SQL Server is Microsoft's relational database management system (RDBMS). It is a full-featured database primarily designed to compete against competitors Oracle Database (DB) and MySQL.
Like all major RBDMS, SQL Server supports ANSI SQL, the standard SQL language. However, SQL Server also contains T-SQL, its own SQL implemention. SQL Server Management Studio (SSMS) (previously known as Enterprise Manager) is SQL Server's main interface tool, and it supports 32-bit and 64-bit environments.
SQL Server is sometimes referred to as MSSQL and Microsoft SQL Server.
Techopedia explains SQL Server
Originally released in 1989 as version 1.0 by Microsoft, in conjunction with Sybase, SQL Server and its early versions were very similar to Sybase. However, the Microsoft-Sybase partnership dissolved in the early 1990s, and Microsoft retained the rights to the SQL Server trade name. Since then, Microsoft has released 2000, 2005 and 2008 versions, which feature more advanced options and better security.
Examples of some features include: XML data type support, dynamic management views (DMVs), full-text search capability and database mirroring.
SQL Server is offered in several editions with different feature set and pricing options to meet a variety of user needs, including the following:
- Enterprise: Designed for large enterprises with complex data requirements, data warehousing and Web-enabled databases. Has all the features of SQL Server, and its license pricing is the most expensive.

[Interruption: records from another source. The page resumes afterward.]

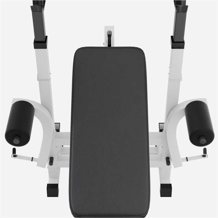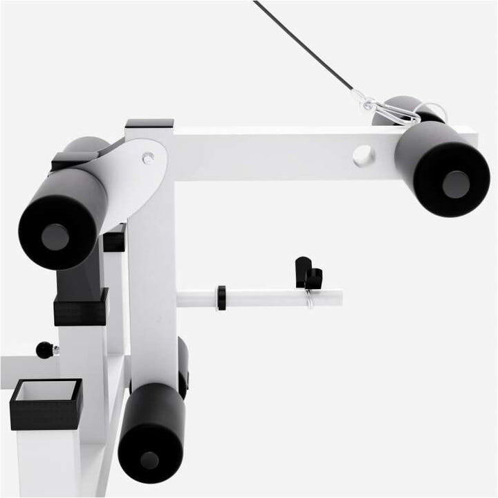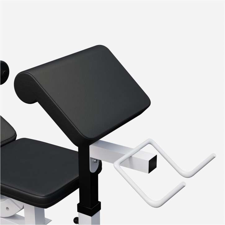 • O banca de greutati alb-negru cu suport de curl reglabil in trei directii si presa pentru picioare, suport pentru gantere reglabil in cinci directii cu bara de siguranta si suport pentru spate reglabil in sase directii
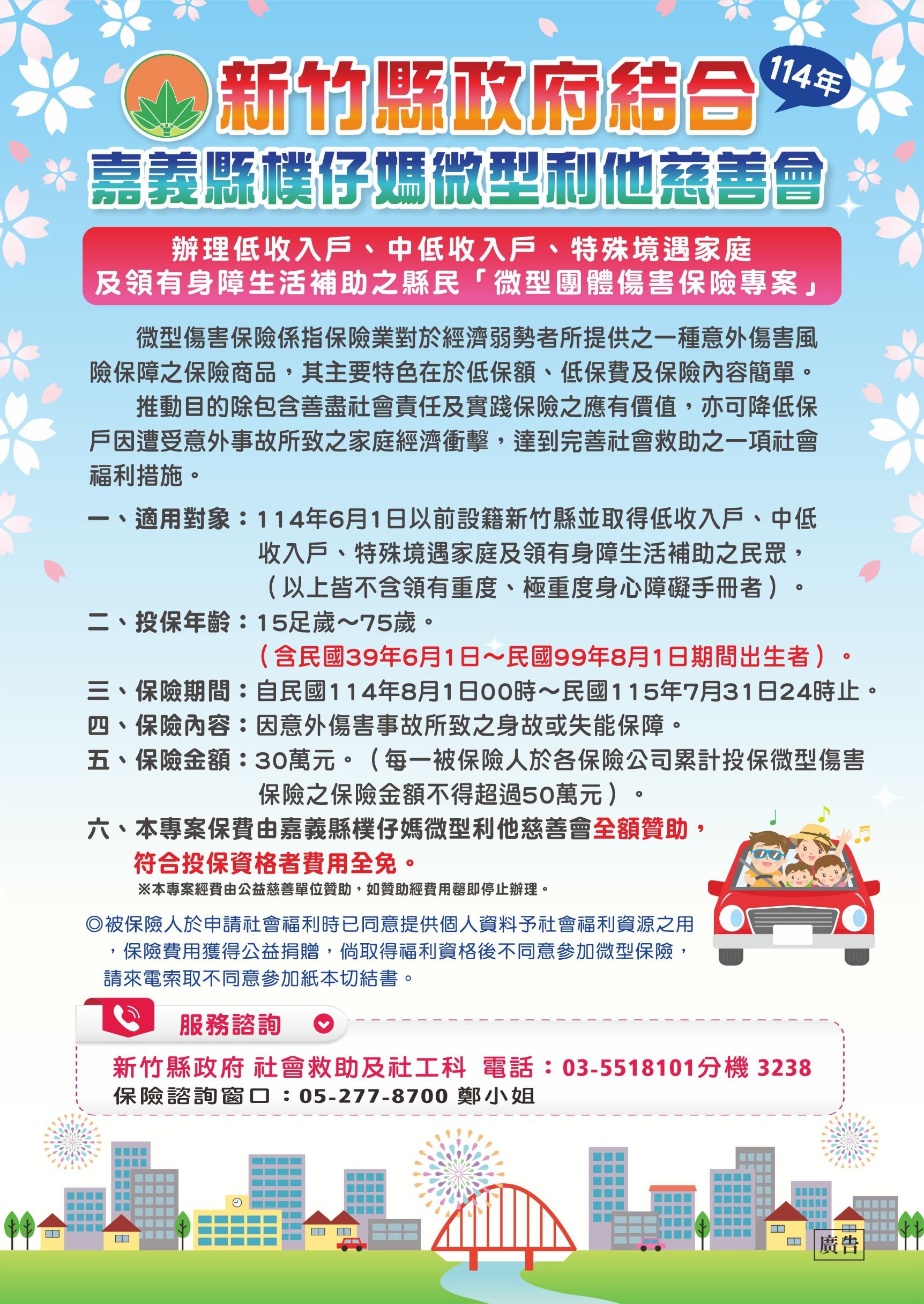 新竹縣政府攜手公益團體,自109年起推動「微型團體傷害保險」,針對15至75歲符合資格的縣民,提供免費意外傷害保障,最高理賠金額可達30萬元。今年縣府與嘉義縣樸仔媽微型利他慈善會,及全球人壽、第一產物、泰安產物、兆豐產物等保險公司合作,保障對象除低收入戶、中低收入戶與領有身心障礙生活補助的縣民外,特別將特殊境遇家庭也納入,共有6078人受惠。
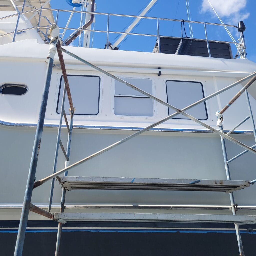 - Shortly, after getting blocked, Jacques noticed another bottom being painted and inquired. As our luck would have it, Patagonia Services Division LLC (Dania Beach, FL) were able to coordinate as well. By early afternoon, they were present to prep the surface. Did require that we extend our stay until Tuesday, 3/24/26.
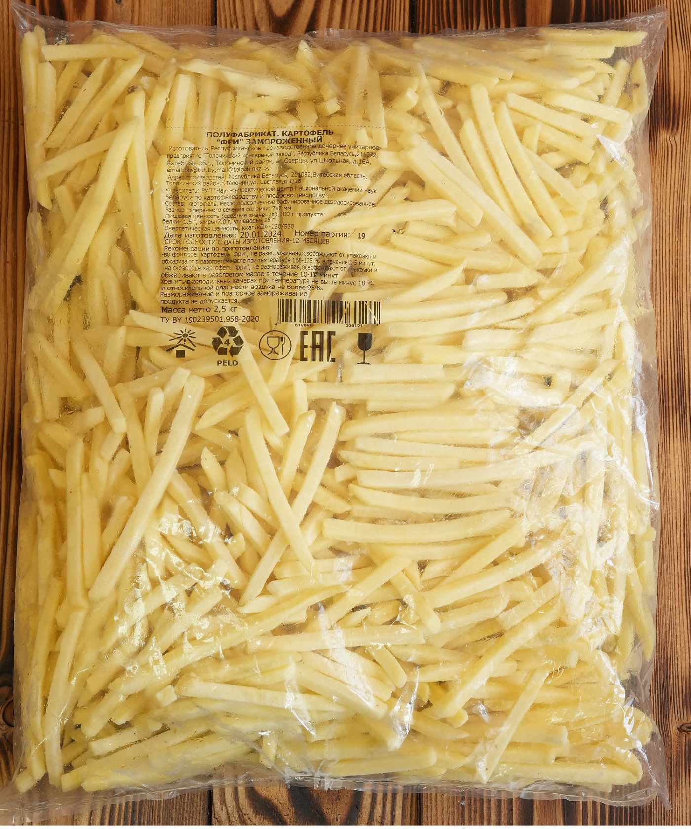 Картофель фри обжаренный, 7*7 и 9*9, вес 750гр и 2,5кгДольки в кожуре, без кожуры, в специях и без.
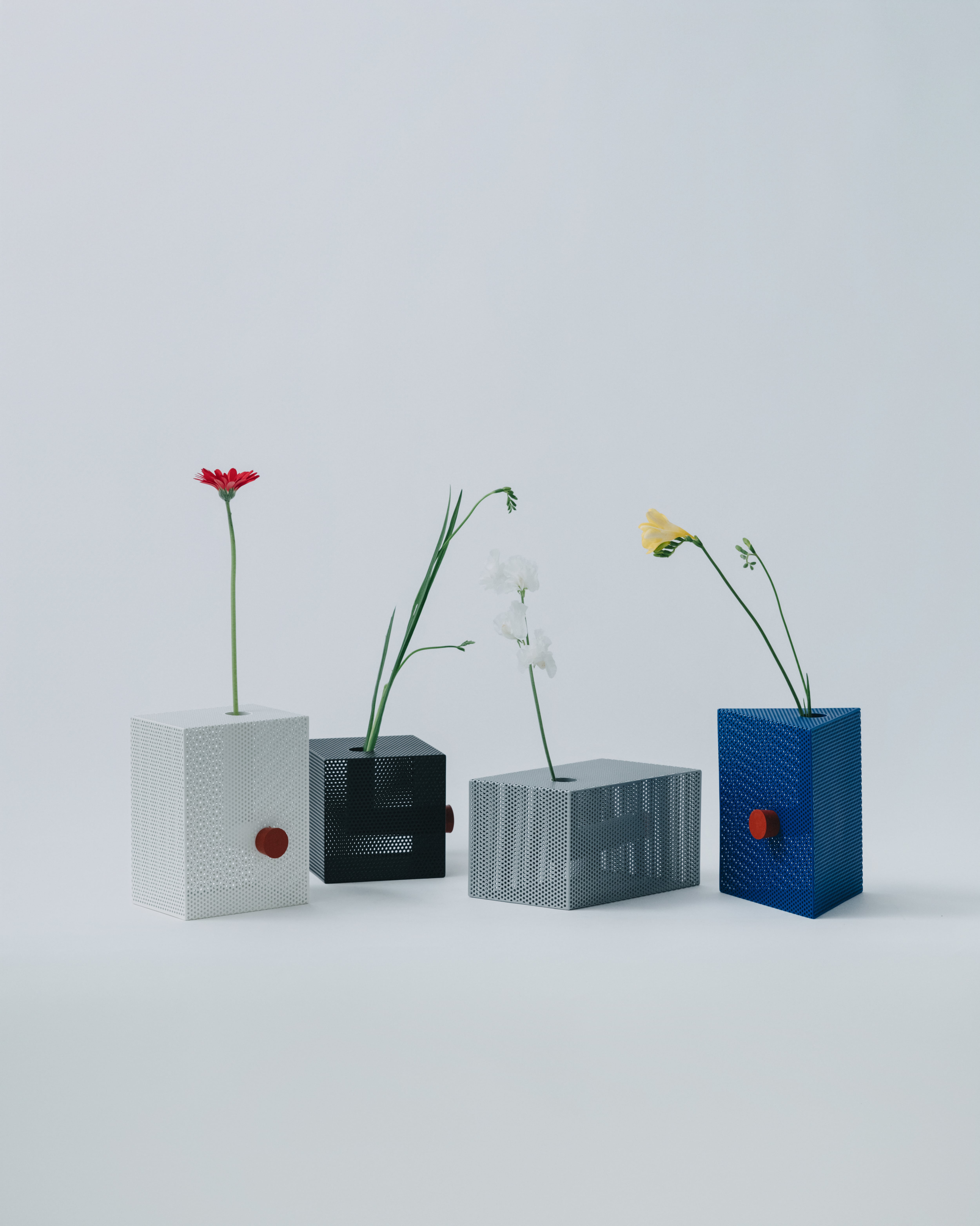 Punching Block は、京都を拠点にデザインスタジオ兼古道具店を営む ものや と、共同で制作した、パンチングメタルを用いたオブジェコレクションです。
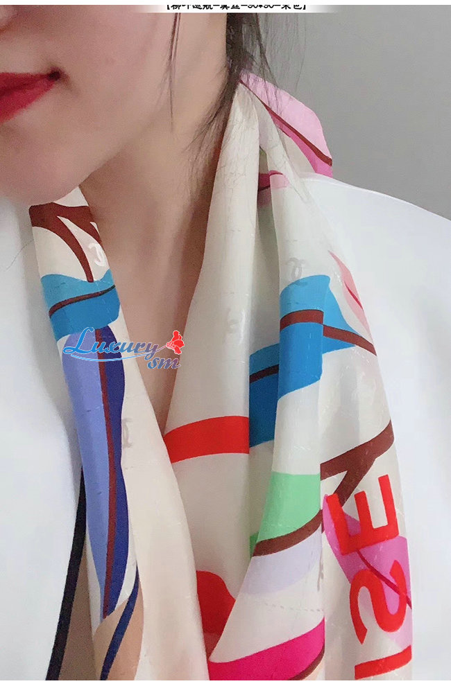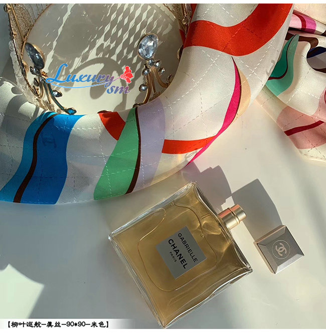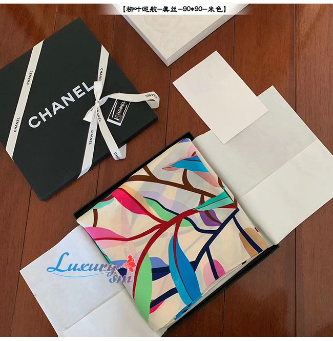 CHANEL-AA6509 샤넬 아이보리 실크 트윌 스퀘어 스카프
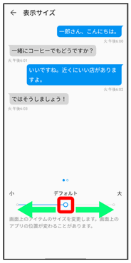 | 表示サイズ | 画面に表示される画像やアイコンなどの大きさを設定します。 | |
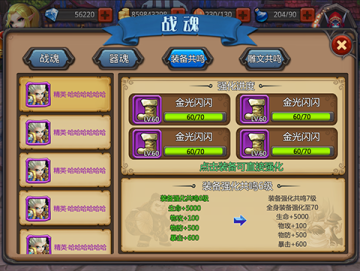开启战魂系统时,则开启装备共鸣系统,l进入装备共鸣界面时,系统需要进行一项判定,判定当前是否有一个或以上的英雄全身穿戴了4件装备,如果是,则进入装备共鸣界面,如果否,则弹出提示:至少一位英雄穿戴4件装备,即可开启装备共鸣!
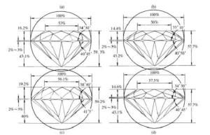 标准圆钻型切工是波兰数学家马歇尔于1919年首先计算出理论上让钻石反射最大量光线的切割方程式。圆明亮型切工是由57或58个刻面按一定规律组成的圆形切工也称理想式切工,顶部的平面被称为台面,直径最大的部位为腰围,腰围以上为冠部,腰围以下为亭部。托考夫斯基切割也叫美国琢型,其他有德国琢型、欧洲琢型等。

- Standard: Targeted toward small and medium organizations. Also supports e-commerce and data warehousing.
- Workgroup: For small organizations. No size or user limits and may be used as the backend database for small Web servers or branch offices.
- Express: Free for distribution. Has the fewest number of features and limits database size and users. May be used as a replacement for an Access database.